From looking at it, I almost certain that something is wrong with the way I traverse the tree to find the insertion point... – Edmondo 12/11, 2013 at 19:23

@ StarPilot: it only says Seg fault. Core dump I use Vim to compile my code – Edmondo 12/11, 2013 at 19:24

Looking at the code, I see that on the first insert, you set root to newNode. Then you let the code fall through. So, ptr = newNode; ptr_parent -> left = newNode; return true; on the first pass. So your root node now has a left = itself. This is not the layout you want. As traversing root -> left will always go back to itself and result in a loop until the program blows. When you set root, have it just return true; from there and see what happens. – Puryear 12/11, 2013 at 19:28

I was able to make my original code work last night, I'm sharing the answer here:

template<typename T>
bool BST<T>::Insert(const T value)
{
   Node *ptr;
   Node *ptr_parent;

   if(root == NULL)
   {//The BST is Empty...
      Node *newNode = new Node;
      newNode -> data = value;
      newNode -> left = NULL;
      newNode -> right = NULL;

      root = newNode;
      ptr = root;
   } else { //traversing the tree to find the insertion point
      ptr = root;
      while(ptr != NULL)
      {
         if((ptr -> data) == value) {return false;} //to check for duplicates

         if(value < (ptr -> data))
         {
            ptr_parent = ptr;
            ptr = ptr -> left;
         } else {
            ptr_parent = ptr;
            ptr = ptr -> right;
         }
      }
      Node *newNode = new Node;

      newNode -> data = value;
      newNode -> left = NULL;
      newNode -> right = NULL;

      //checking for parent value to determine if
      //the Node is a left or right child  
      if(value < (ptr_parent -> data))
         ptr_parent -> left = newNode;
      else
         ptr_parent -> right = newNode;
   }

   ++count;//to keep track of the Node count
   return true;      
}

For my own sake I wanted to solve this without using double pointers.

Edmondo answered 13/11, 2013 at 19:0 Comment(2)

Was root declared global or local? – Franck 20/7, 2015 at 13:23

@AnujGarg of course it's global.
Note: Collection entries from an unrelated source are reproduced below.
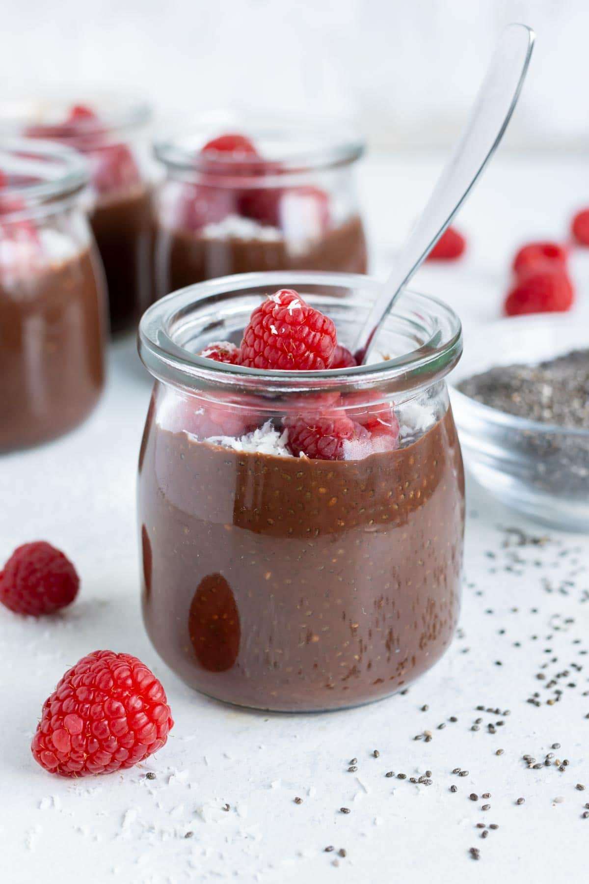 - Give the pudding another good stir and then serve with fresh raspberries, shredded coconut, and chocolate shavings. Enjoy!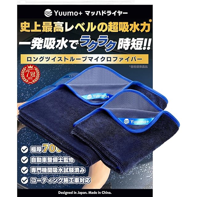 《新品未開封》【整備士監修x極厚700GSM】 洗車 タオル 『"感動レベル"の一発吸水!!』 マイクロファイバークロス 車 大判 超吸水 プロ仕様 Yuumo+(ユーモプラス) マッハドライヤー M(60×50cm)1枚+L(90×70cm)1枚セット(青+青)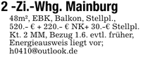 2 -Zi.-Whg. Mainburg48m², EBK, Balkon, Stellpl., 520.- € + 220.- € NK+ 30.-€ Stellpl.Kt. 2 MM, Bezug 1.6. evtl. früher,Energieausweis liegt vor;h0410@outlook.de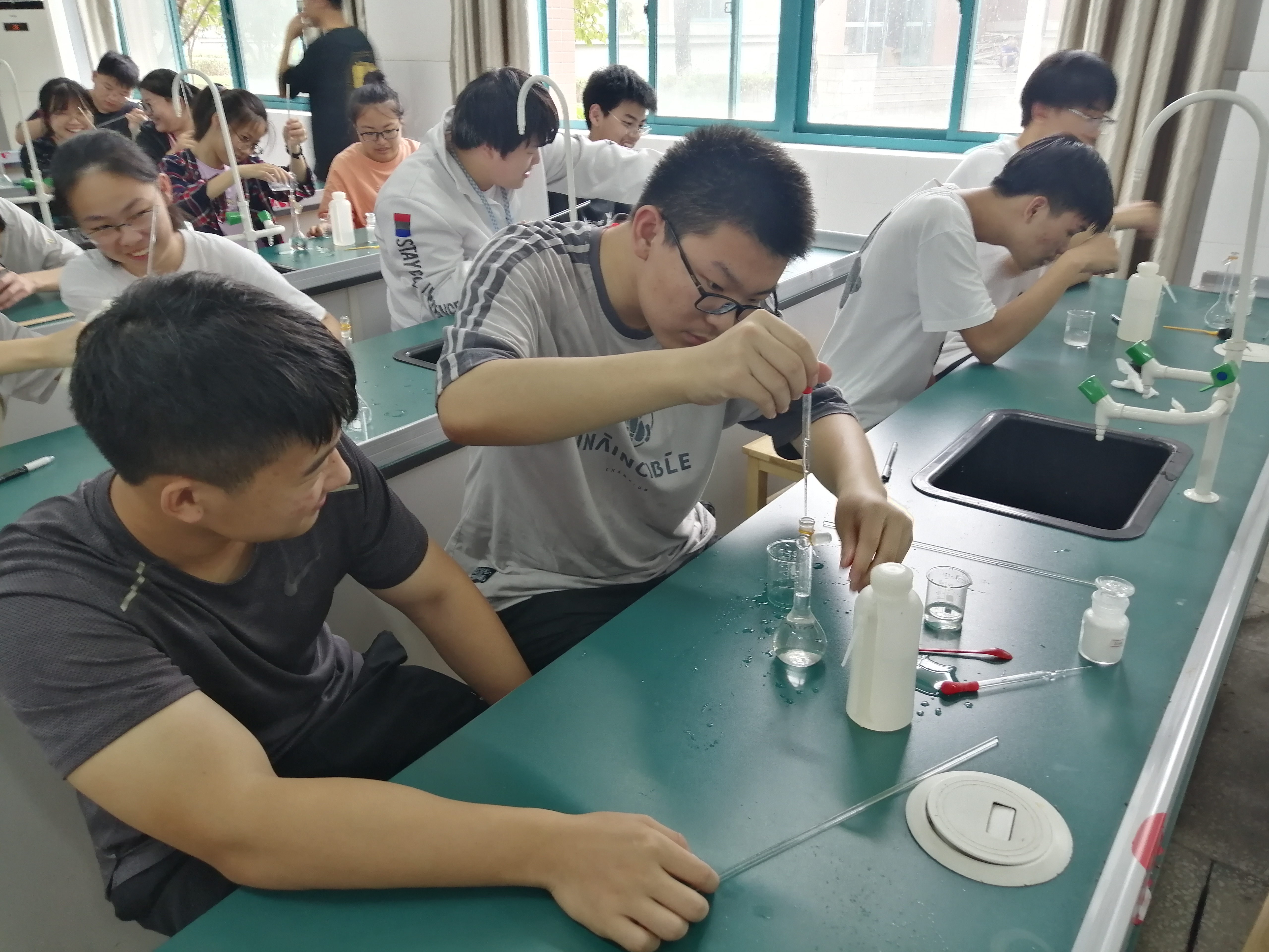 物理、化学、生物等学科老师也借着此次科技节,利用学校已有素材,结合实验课、通用技术课,带领学生走进实验室,提高学生实际动手操作能力。

The code would throw compilation error otherwise. – Subsidize 22/2, 2016 at 16:29

I think I'd do things a little differently. First, I'd simplify the other code a little by adding a ctor to the Node class:

struct Node{
    Node *left;
    Node *right;
    T data; 

    Node(T const &data) : left(nullptr), right(nullptr), data(data) {}
};

Then you can use a pointer to a pointer to traverse the tree and insert the item:

bool insert(const T value) {
    Node **pos;
    for (pos = &root; *pos != nullptr;) {
        if (value < (*pos)->value) 
            pos = &(*pos)->left;
        else if ((*pos)->value < value ) 
            pos = &(*pos)->right;
        else 
            return false;
    }
    *pos = new Node(value);
    return true;
}

Note that I've delayed creating the new node until after we've dropped out of the loop. This way, if we have a duplicate element, we can just return (without leaking a node, since we haven't allocated a new node yet).

For what it's worth, if you were going to do this recursively, it would probably be easier to use a reference to a pointer instead of a pointer to a pointer.

Thumbscrew answered 12/11, 2013 at 20:23 Comment(0)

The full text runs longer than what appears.